Même pendant la neutralisation maximale du SRAS-CoV-2, environ un mois après l’apparition des symptômes, les nouveaux COV avec une neutralisation trois et dix fois plus faible pourraient réduire l’efficacité de la protection immunitaire de 90,0 % à 74,0 % et 47,0 %, respectivement. Parmi les individus présentant une immunité hybride contre les BTI BA.1 et BA.2, l’efficacité protectrice passerait de 95,0 % à 86,0 % et 63,0 %, respectivement.
La récupération des BTI d’Omicron a conféré une protection immunitaire nettement durable contre des souches antigéniquement similaires ; cependant, la protection pourrait être renversée rapidement par l’émergence de COV plus évasifs au système immunitaire.
L’infection percée d’Omicron BA.1 et BA.2 rappelle rapidement les anticorps neutralisants qui sont larges et durables. (A) Cinétique de l’activité de neutralisation du plasma suite à une infection percée contre VIC01 ancestral ou des souches Omicron BA.1 et BA.2 infectantes correspondantes. Les lignes épaisses représentent l’estimation moyenne du modèle de régression linéaire par morceaux utilisant les paramètres estimés. L’activité de neutralisation du plasma a été mesurée à l’aide d’un test de neutralisation du virus vivant contre des isolats cliniques du SRAS-CoV-2 dans des cellules HEK293T transduites avec ACE2 et TMPRSS2. (B) Neutralisation médiée par le plasma de percée BA.1 et BA.2 contre les souches ancestrales VIC01, Omicron BA.1, BA.2 et BA.4 à une médiane de 34 jours après l’apparition des symptômes. Les données sont présentées sous forme de médiane ± IQR. ( C ) Cinétique de décroissance longitudinale de l’activité de neutralisation du plasma après une infection percée contre VIC01 ancestral ou des souches Omicron BA.1 ou BA.2 infectantes appariées jusqu’à 4 à 7 mois après l’apparition des symptômes. Les pentes de décroissance les mieux ajustées (lignes épaisses) sont représentées. (D) Titres d’anticorps IgG contre le pic BA.1 pour les sujets percés BA.1 (rouge) et contre le pic BA.2 pour les sujets percés BA.2 (bleu) après la pré-incubation avec le contrôle BSA (cercles fermés) ou le Wuhan ancestral -hu-1 pointe (cercles ouverts).

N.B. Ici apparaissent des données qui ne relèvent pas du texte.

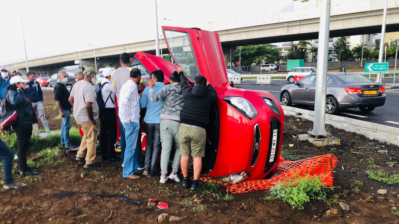 Une voiture qui a mal négocié un croisement à Phoenix a terminé sa course sur le nouveau rond-point de Phoenix samedi après-midi. La citadine a fait un tonneau avant d'atterrir les roues en sens dessus dessous. La police a été mandée sur les lieux. Des volontaires ont aidé à extirper le conducteur du véhicule. Blessé, il a été transporté à l'hôpital.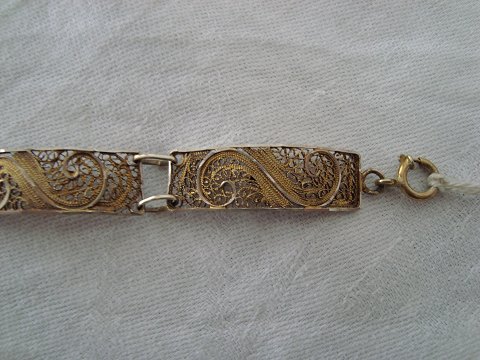 Armlænke af forgyldt sølv. 5 filigran led med ringe i mellem. Stemplet: Mange utydelige stempler. Længe armlænke - 19 cm. Ledstørrelse - 1 cm x 5 cm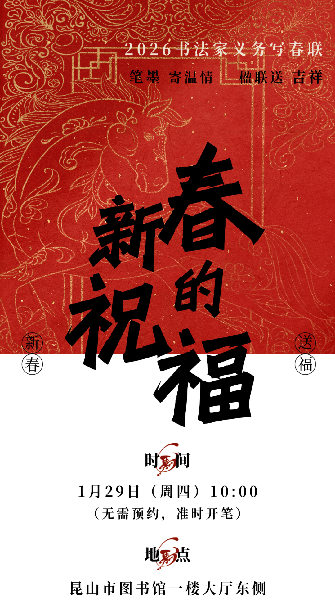 书法家义务写春联|新春送福,翰墨飘香——昆山市图书馆邀您共迎马年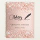 A chic rose gold, blush background, decorated with a feather pen. Personalise and add a name and year(s). Black text: Notary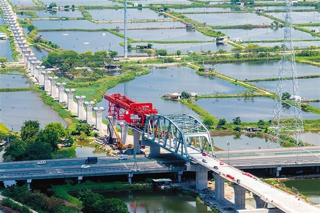 (架桥机成功跨越潮汕环线高速,打通粤东城际铁路汕头段与揭阳段架梁通道。)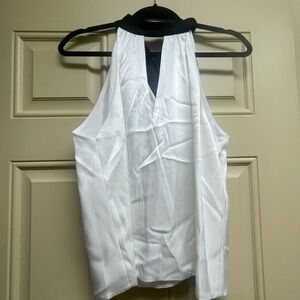NWT Alice & Olivia sleeveless blouse. Sz large. Black tie at neck. Keyhole cut out. Lined. Perfect for date night or under a blazer for work. Easy to wear with denim or dressed up. Smoke free home.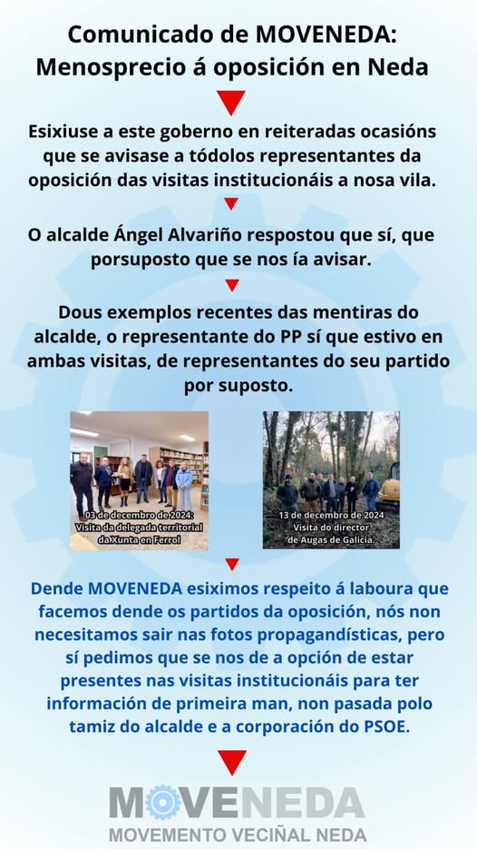 A visita do director de Augas de Galicia a Neda volve desenmascarar a faciana antidemocrática e a absoluta carencia de palabra do alcalde de Neda, qu...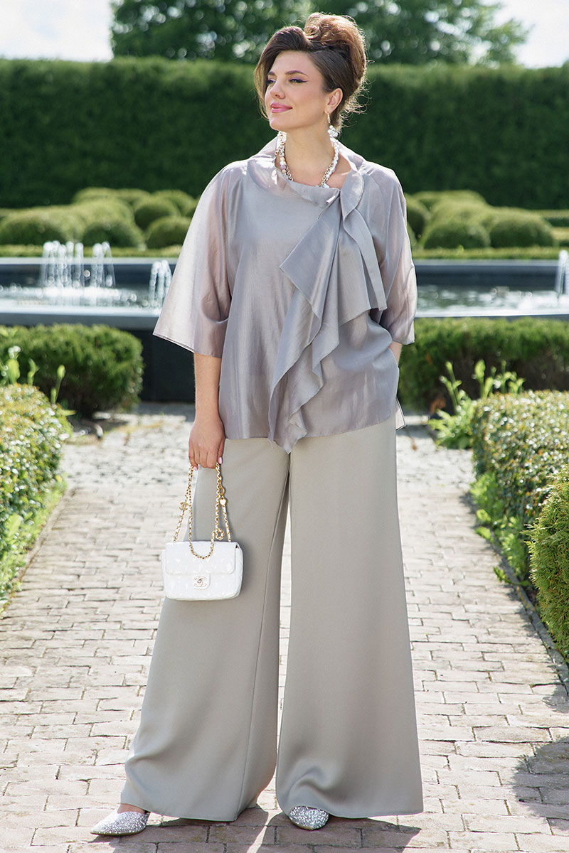 Элегантный брючный костюм, выполненный в мерцающем оттенке, который идеально подходит для создания утонченных образов. Комплект состоит из свободной блузы широких брюк палаццо, обеспечивая непревзойденный комфорт и легкость движений.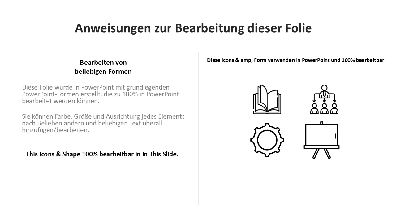 - Vollständig bearbeitbare Texte, Formen, Farben und Symbole für eine vollständige Markenanpassung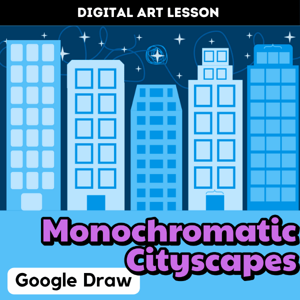 In this digital art lesson, middle school students become designers as they create their own monochromatic cityscapes using Google Draw. The project introduces them to the concept of using one color in a range of tints and shades to build depth and contrast.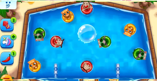 角色进入气泡后会被困住,无法行动。唯有将泳池中所有同色角色全部送入同一气泡,才能使其消失并释放角色。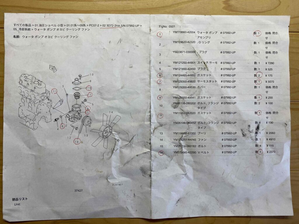 新品のウォーターポンプ、車用なら1万円前後でも、ユンボ用は5万円台・・・高いですね。

L’équipe a estimé qu’une efficacité protectrice de 70 % pour la souche homologue du SRAS-CoV-2 pourrait être maintenue pendant près de 4,5 et sept ans pour les BTI BA.1 et BA.2, respectivement. De même, on a estimé que la protection immunitaire durable pour la souche ancestrale du SRAS-CoV-2 persistait pendant plus de 8,5 ans et 10 ans pour les BTI BA.1 et BA.2, respectivement.
conclusion
Il a été constaté que les BTI d’Omicron induisaient des réponses immunitaires neutralisantes durables en rappelant les lymphocytes B mémoire à réaction croisée et induits par le vaccin.
*Avis important: medRxiv publie des rapports scientifiques préliminaires qui ne sont pas évalués par des pairs et, par conséquent, ne doivent pas être considérés comme concluants, guider la pratique clinique/les comportements liés à la santé, ou traités comme des informations établies.